▶ _Provided data_

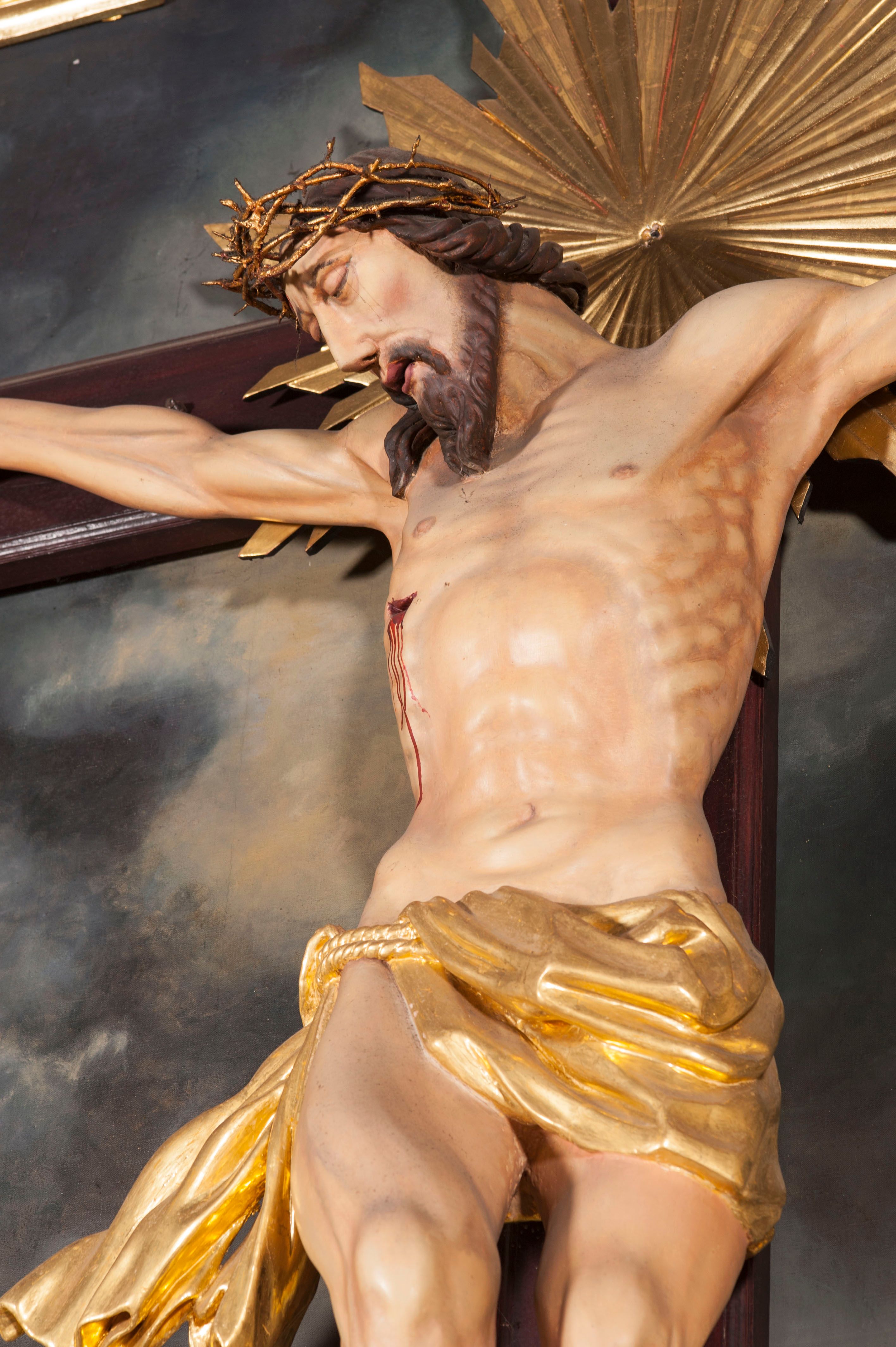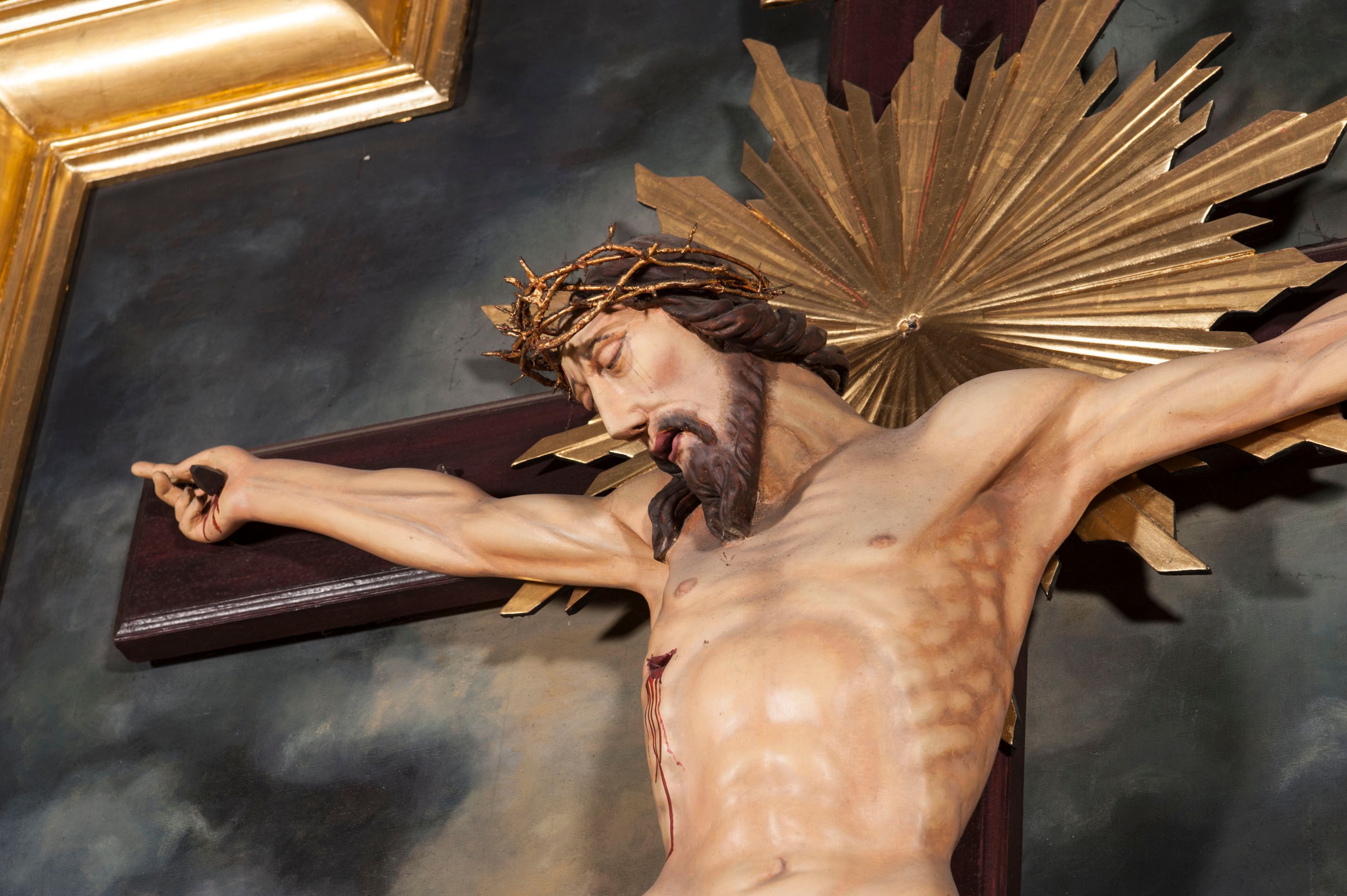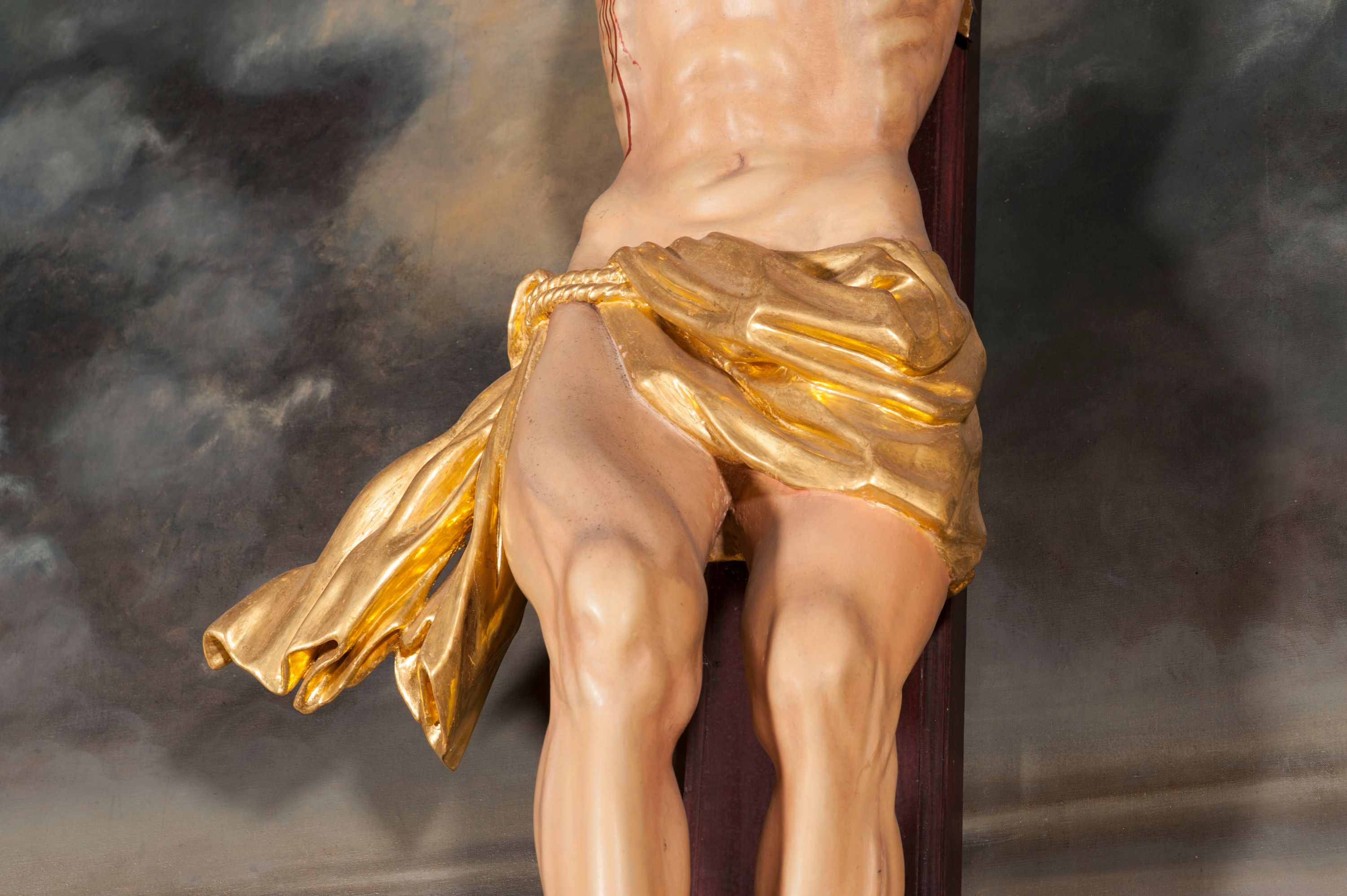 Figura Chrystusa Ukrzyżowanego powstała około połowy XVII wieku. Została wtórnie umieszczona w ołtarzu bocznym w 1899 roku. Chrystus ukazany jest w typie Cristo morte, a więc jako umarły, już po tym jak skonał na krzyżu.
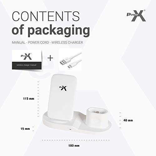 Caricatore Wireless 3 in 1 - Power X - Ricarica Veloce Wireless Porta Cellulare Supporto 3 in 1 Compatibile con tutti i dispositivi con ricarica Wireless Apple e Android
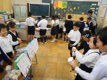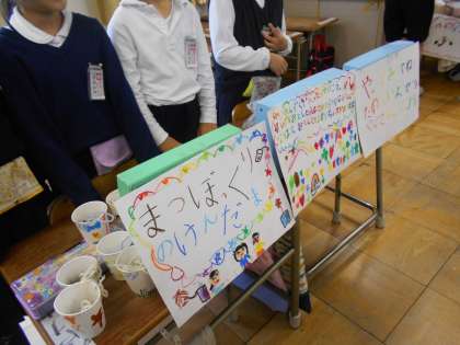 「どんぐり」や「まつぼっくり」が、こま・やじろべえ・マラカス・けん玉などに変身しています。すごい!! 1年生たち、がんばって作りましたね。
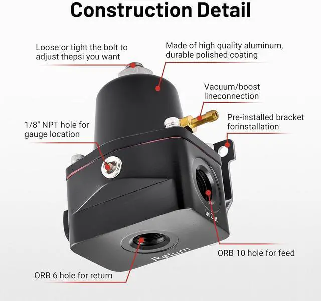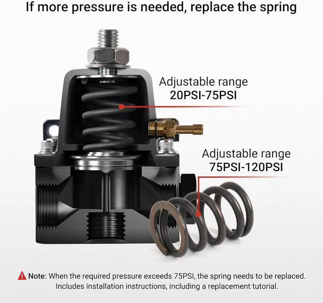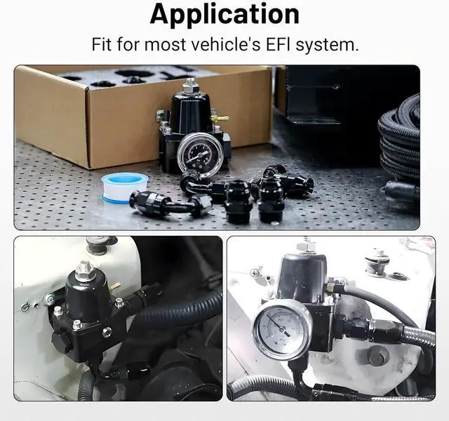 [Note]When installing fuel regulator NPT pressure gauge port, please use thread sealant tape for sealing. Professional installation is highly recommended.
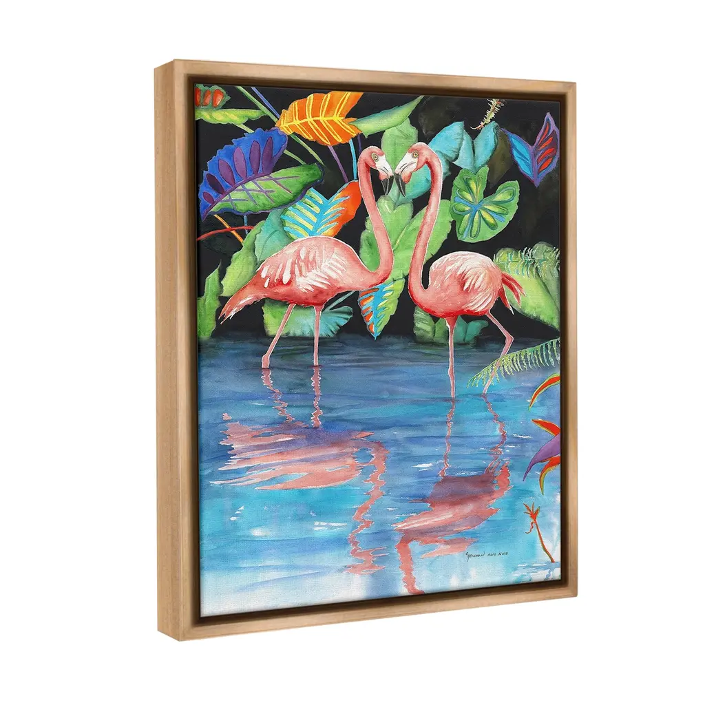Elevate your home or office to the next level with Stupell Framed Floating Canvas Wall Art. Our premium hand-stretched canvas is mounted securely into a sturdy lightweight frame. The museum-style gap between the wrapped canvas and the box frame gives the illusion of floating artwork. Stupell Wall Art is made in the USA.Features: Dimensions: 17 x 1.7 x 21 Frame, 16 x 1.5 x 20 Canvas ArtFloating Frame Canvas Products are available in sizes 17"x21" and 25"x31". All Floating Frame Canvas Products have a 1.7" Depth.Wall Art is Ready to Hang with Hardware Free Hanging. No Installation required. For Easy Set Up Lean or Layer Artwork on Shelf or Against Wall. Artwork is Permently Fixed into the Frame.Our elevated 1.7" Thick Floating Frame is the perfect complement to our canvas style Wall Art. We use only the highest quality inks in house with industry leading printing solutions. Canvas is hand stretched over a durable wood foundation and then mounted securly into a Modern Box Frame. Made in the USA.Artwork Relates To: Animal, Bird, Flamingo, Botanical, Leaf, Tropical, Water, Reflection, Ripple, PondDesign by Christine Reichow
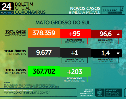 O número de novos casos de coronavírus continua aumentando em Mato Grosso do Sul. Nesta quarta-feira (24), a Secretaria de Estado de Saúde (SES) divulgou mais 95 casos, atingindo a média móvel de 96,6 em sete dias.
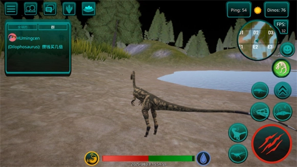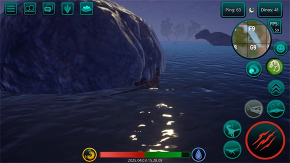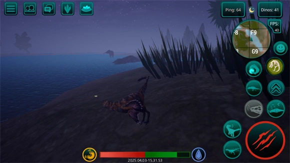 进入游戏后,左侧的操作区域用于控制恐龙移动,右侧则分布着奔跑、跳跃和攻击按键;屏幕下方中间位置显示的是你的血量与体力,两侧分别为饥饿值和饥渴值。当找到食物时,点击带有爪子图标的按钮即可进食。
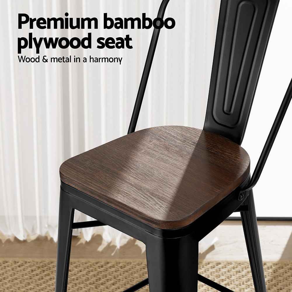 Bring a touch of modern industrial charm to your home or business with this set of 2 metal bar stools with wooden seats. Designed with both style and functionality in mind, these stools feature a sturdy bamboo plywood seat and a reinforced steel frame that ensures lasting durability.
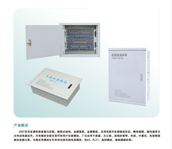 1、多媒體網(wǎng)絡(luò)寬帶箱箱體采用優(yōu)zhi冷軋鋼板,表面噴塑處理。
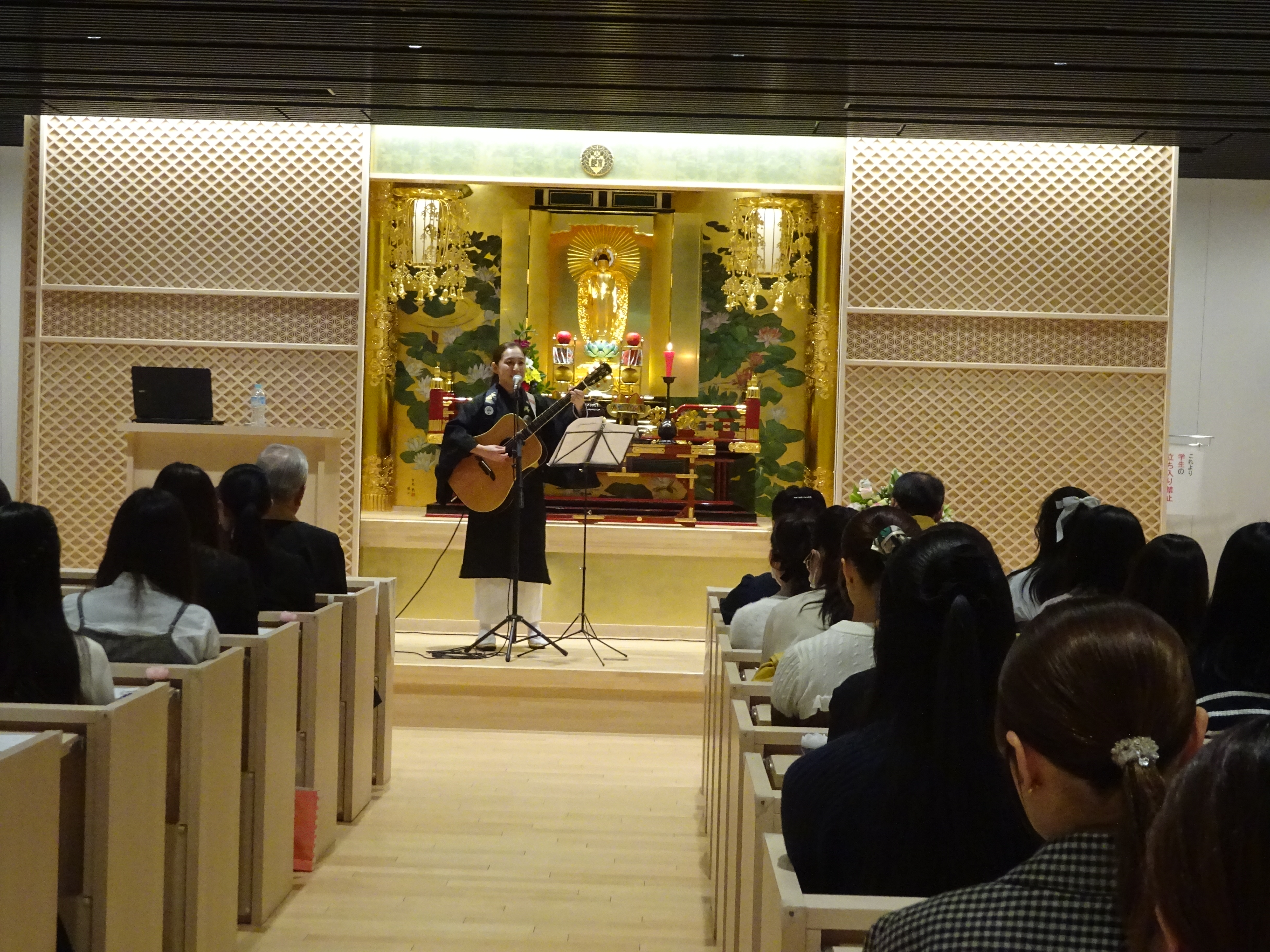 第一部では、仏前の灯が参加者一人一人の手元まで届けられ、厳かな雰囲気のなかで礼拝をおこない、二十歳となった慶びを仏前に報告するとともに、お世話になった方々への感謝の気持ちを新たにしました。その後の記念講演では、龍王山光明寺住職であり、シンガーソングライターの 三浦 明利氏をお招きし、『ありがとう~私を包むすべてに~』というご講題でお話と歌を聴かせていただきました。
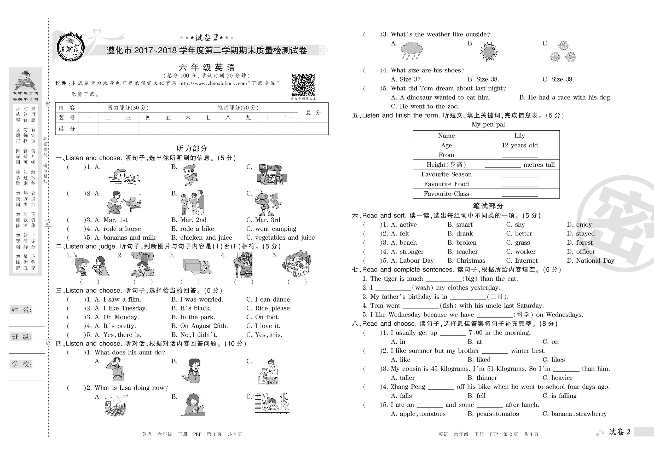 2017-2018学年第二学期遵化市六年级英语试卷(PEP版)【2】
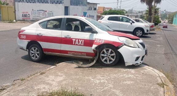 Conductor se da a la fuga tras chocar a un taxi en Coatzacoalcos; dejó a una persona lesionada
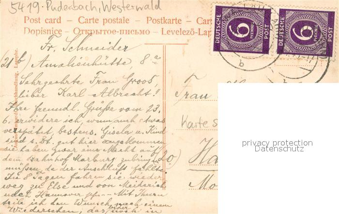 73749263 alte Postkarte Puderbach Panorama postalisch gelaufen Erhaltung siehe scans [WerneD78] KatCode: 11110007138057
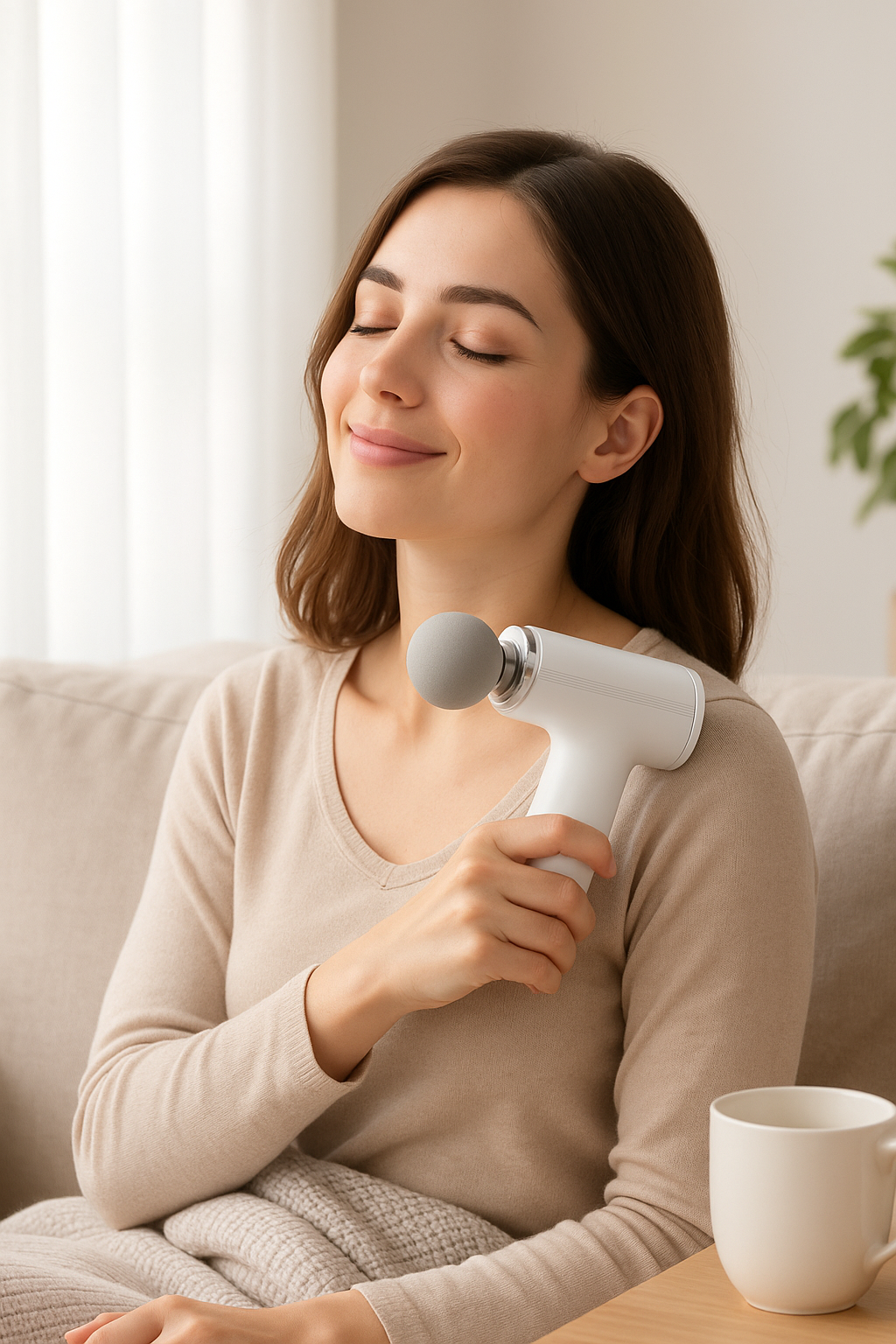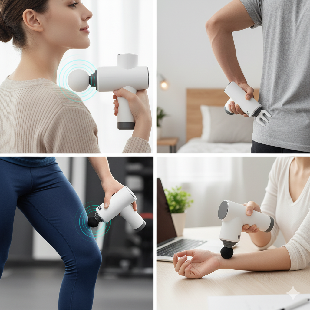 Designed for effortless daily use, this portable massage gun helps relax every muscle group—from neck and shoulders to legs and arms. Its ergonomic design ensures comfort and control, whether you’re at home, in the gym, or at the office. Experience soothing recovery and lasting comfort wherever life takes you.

▶ _Your goal_
Every line from the start of the material through the line holding "[Note]When installing fuel" must be returned exactly, and the pictures must not.

▶ _Solved exercise_
 Figura Chrystusa Ukrzyżowanego powstała około połowy XVII wieku. Została wtórnie umieszczona w ołtarzu bocznym w 1899 roku. Chrystus ukazany jest w typie Cristo morte, a więc jako umarły, już po tym jak skonał na krzyżu.
 Caricatore Wireless 3 in 1 - Power X - Ricarica Veloce Wireless Porta Cellulare Supporto 3 in 1 Compatibile con tutti i dispositivi con ricarica Wireless Apple e Android
 「どんぐり」や「まつぼっくり」が、こま・やじろべえ・マラカス・けん玉などに変身しています。すごい!! 1年生たち、がんばって作りましたね。
 [Note]When installing fuel regulator NPT pressure gauge port, please use thread sealant tape for sealing. Professional installation is highly recommended.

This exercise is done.